Re: 1862--A Year of Bloody Battles
Posted on: 7/19/2017 10:58:09 PM
Jim,

No I didn't mean it that way at all and if the way I wrote that conveys that impression I apologize.

Your post on the politics basically said it was all and only about slavery and I'm going to answer that just about every time I see it.

In the other post your ignoring so many Union gains and victories and that had to be pointed out. When Lee took command the Confederacy was on the brink and if Shiloh had been the only victory of the year it would have been the other way around because the Republicans would have surely lost the House in the Nov elections. Personally I don't believe military victory is possible for the Confederacy. That for the Confederacy to win it has to be because the Northern people have lost the political will to back the war effort.
---------------
A battle long forgotten by our country in a war never understood by our country.
"to satisfy our endless needs and justify our bloody deeds, in the name of destiny and in the name of God"


Phil andrade
London, UK
top 5
E-9 Cmd Sgt Major
Moderator
Posts: 2603

Re: 1862--A Year of Bloody Battles
Posted on: 7/20/2017 5:21:28 AM
Jim,

Forgive me for not pitching in earlier . A couple of difficulties have prevented my participation.
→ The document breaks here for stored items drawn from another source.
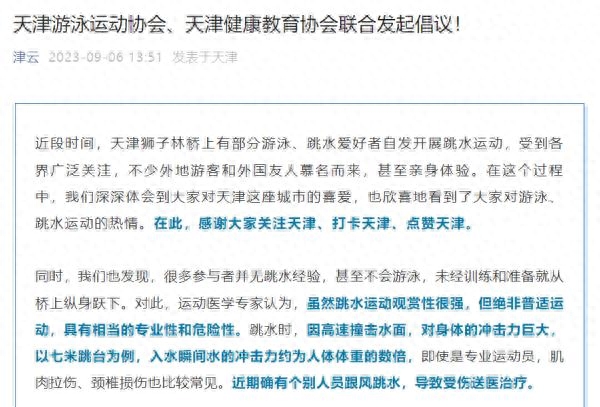 近段时间,天津狮子林桥上有部分游泳、跳水爱好者自发开展跳水运动,受到各界广泛关注,不少外地游客和外国友人慕名而来,甚至亲身体验。在这个过程中,我们深深体会到大家对天津这座城市的喜爱,也欣喜地看到了大家对游泳、跳水运动的热情。在此,感谢大家关注天津、打卡天津、点赞天津。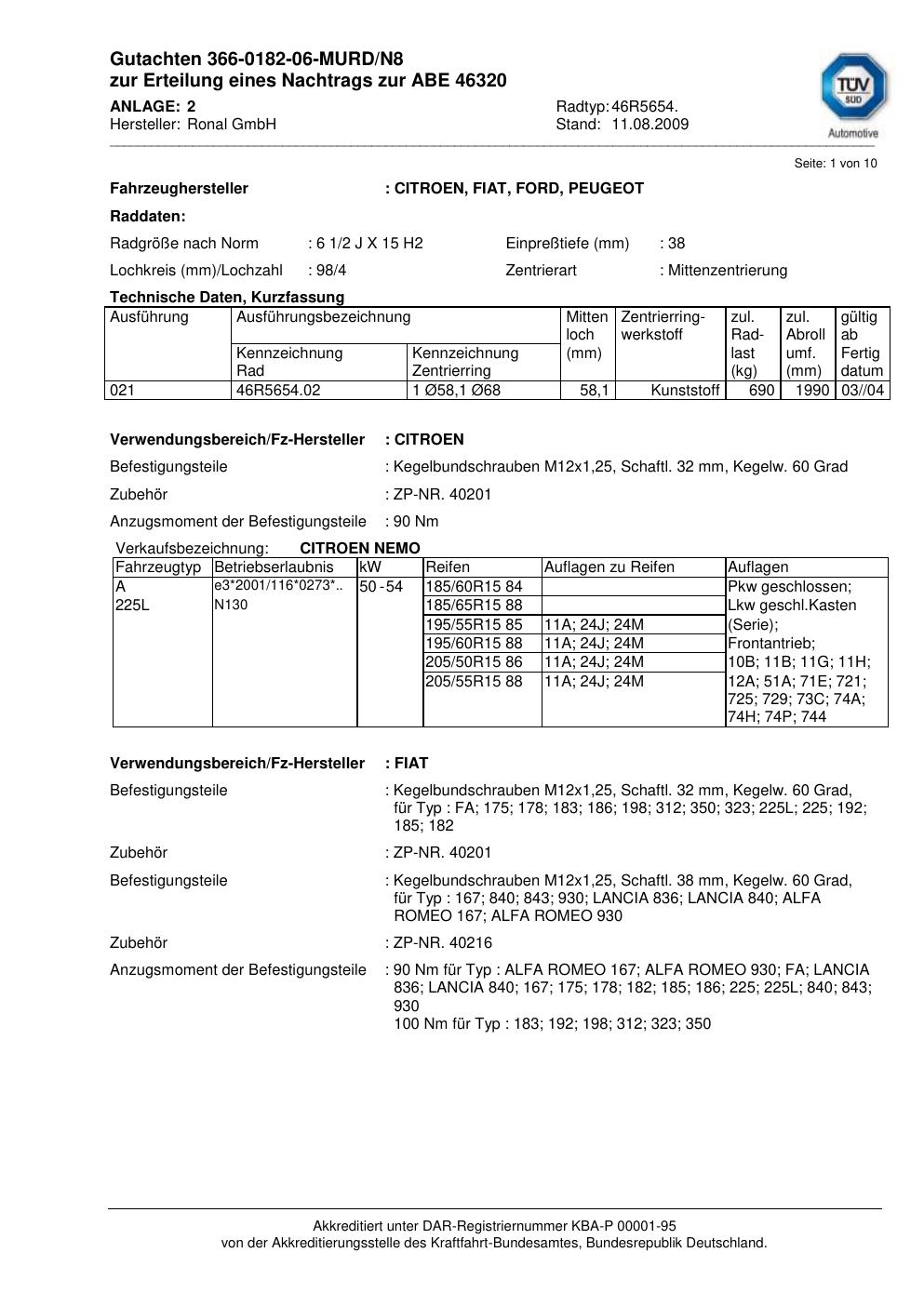 Felgengutachten / abe für Alufelgen Ronal 46R5654 (2Jx15 ET 0, Mittenloch 0 mm) mit KBA 46320 (Zertifikatsnummer 46320). Hier kostenlos als PDF herunterladen. Der Download-Link ist 24 Stunden gültig und kann bis zu zwei Mal verwendet werden.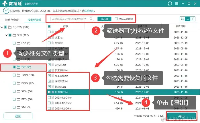 第3步:在扫描完成后,查看扫描到的文件,可以按照文件类型或路径查看,在右侧可对需要恢复的文件进行勾选,也可以直接借助【筛选器】快速对文件进行定位。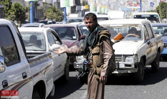 控制了首都和北部大片地区的胡塞武装,很快开始“行使权力”。图为在萨那街头指挥交通的胡塞武装人员。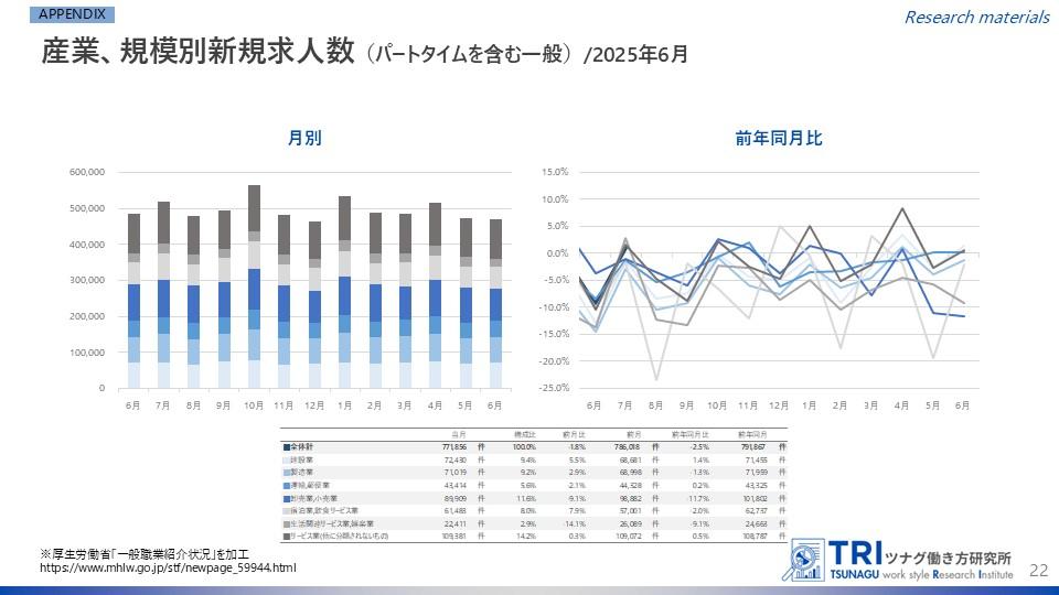 株式会社ツナググループ・ホールディングス(本社:東京都中央区、代表取締役社長:米田 光宏)を母体とする、多様な働き方の調査研究機関「ツナグ働き方研究所(拠点:東京都港区、所長:大野 博司)」は、官公庁などが発表する労働市場関連のデータをキュレーションしつつ、分かりやすくまとめた「労働市場データレポート」を毎月発表しています。今回は8月上旬に発表された最新データをもとに2025年6月度のレポートについて、とりまとめましたのでご報告いたします。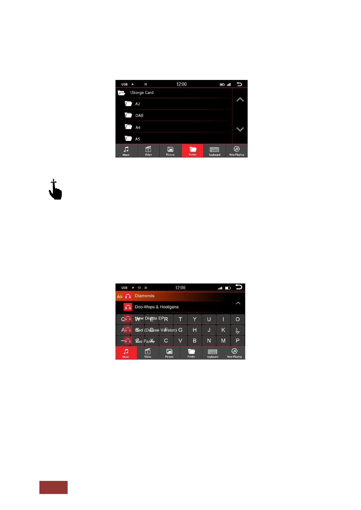 With an up and down motion, you can scroll to browse through the folders in the displayed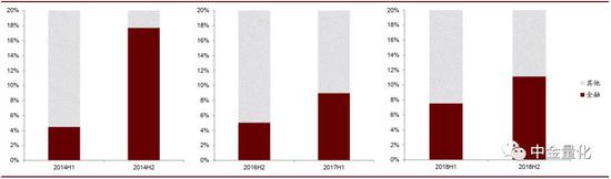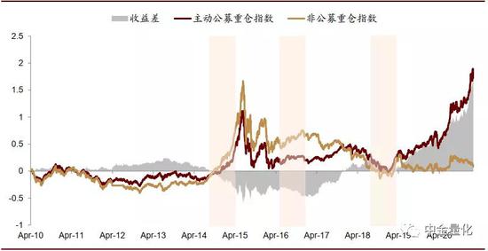 当主动重仓指数回调时,主动基金倾向加仓金融板块。我们以公募主动股票型基金每季度公布的十大重仓股构建重仓股指数。2010年以后,重仓股指数较非重仓股指数收益经历了三次较为明显回调,分别为2014年末、2016年末至2017年初以及2018年末。而在这三段时间,主动公募基金均有增持金融行业。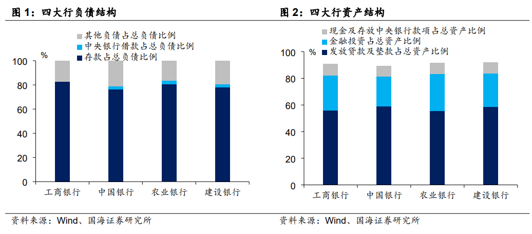以四大行为例,2022年中报显示,四大行存款占总负债比例平均为79.4%、中央银行借款占总负债比例2.1%、其他负债(拆入资金、同业存放、商业银行债等)占总负债比例18.5%。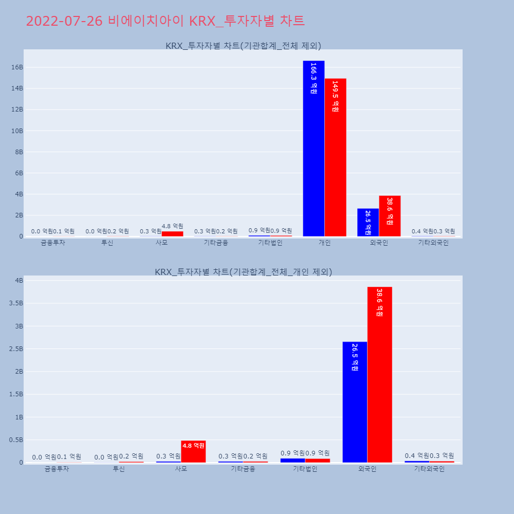 | 개인 | 17,755 | 13,512 | -4,243 | 4,077,119,900 | 3,096,258,400 | -980,861,500 |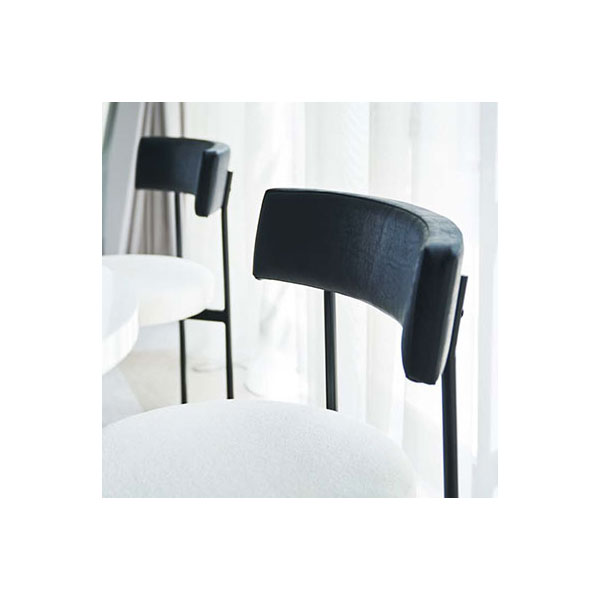 大きくラウンドした背もたれによる、快適な座り心地と上質感。洗練された空間にさらなる品格を与えます。
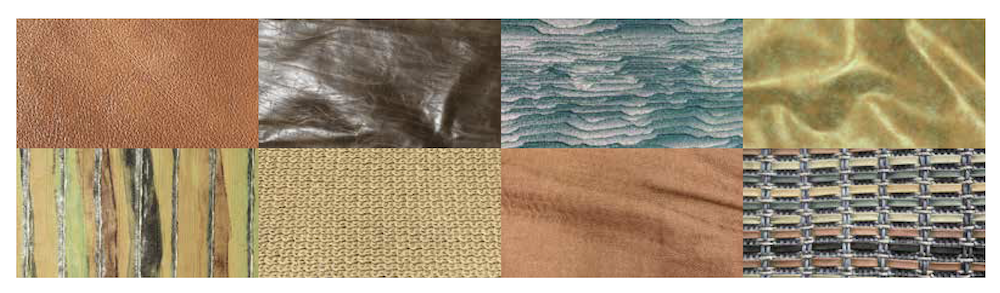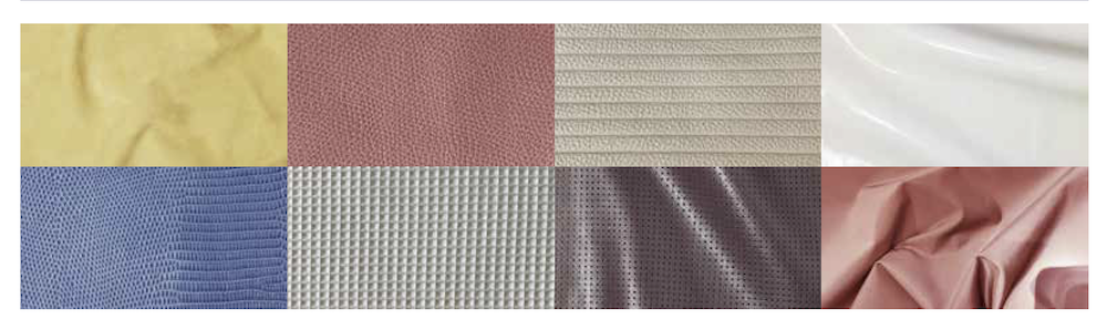 Materials Full grain leathers with a natural drape / Structured, grained leathers / Patent leathers / Sporty, stretch, technical nubucks / Smooth calf with a mirrored finish / Lightweight technical leathers with microfiber backings / Leathers with geometric embossings / Luxury, microperforated sport leathers / Lizard skins and shagreen / Bi-material lambskin and technical canvas / Nylon canvas with a coloured coating / 3 D breathable mesh / Structured, workwear-inspired, cotton twills / Metallic, brushed parachute nylons / Lacquered wickers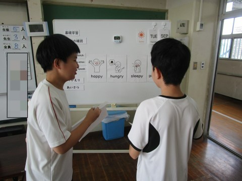 基礎学習(英語)の様子です。友だち同士で「How are you ?」「I'm happy !」ジェスチャーや表情などを交えて,今の自分の気持ちを伝えあっています。

I especially wanted to thank you for putting in a post when you had cast yourself adrift from the history articles you cite.

What you gave us was pure unadulterated anemone opinion, and I honour you for that.

A lot of union victories occurred in 1862, especially in the West. The fall of New Orleans was an immense blow to the South, perhaps even more for symbolic reasons than for its actual geo strategic importance.

As John says, the Confederacy was deep in the brown and sticky stuff in the spring and early summer of 1862 : the reversal of fortune was all the more dramatic on account of that.

Second Bull run was not only a union defeat, but a truly massive one. A superb Southern victory with Washington under real threat.....small wonder that Lee chose to exploit by moving into Maryland.

There are one or two things you mentioned that I'd like to comment on, in the hope that you might revise your view of this war.

Battlefield conduct was - on the whole - exemplary ; especially for a civil war. A lot of hatred was preached from pulpit and soap box, but, as so often happens in war, the soldiers themselves followed protocol when it came to confronting the enemy. Battles were bloody - sometimes in the extreme - but quarter was offered and accepted. Hundreds of thousands of men were taken prisoner, and the risk of not having surrender accepted was much smalller than in many other wars.
The notable exception was the killing of black union soldiers at Fort Pillow, The Crater at Petersburg, Prairie Grove....southerners were enraged by the sight of blacks in uniform and did sometimes refuse quarter. There were also atrocities committed in the trans Mississippi theatre, where irregular warfare prevailed .
And, of course, mortality in prison camps was appalling....more as a result of general hardship and squalour than any deliberate policy. Ordinary camp life killed hundreds of thousands of soldiers, and it's small wonder that this was worse still in PoW camps.

The story of Yankees being bayoneted in their cots inside their tents at Shiloh was a fabrication by a partisan press , anxious to depict Grant as the drunken culprit for the Union being surprised.

At Shiloh, some Southerners did indeed kill yankee prisoners....but this was a very isolated case and involved a handful of victims ; the Southern soldiers who witnessed it expressed abhorrence and prevented it from continuing.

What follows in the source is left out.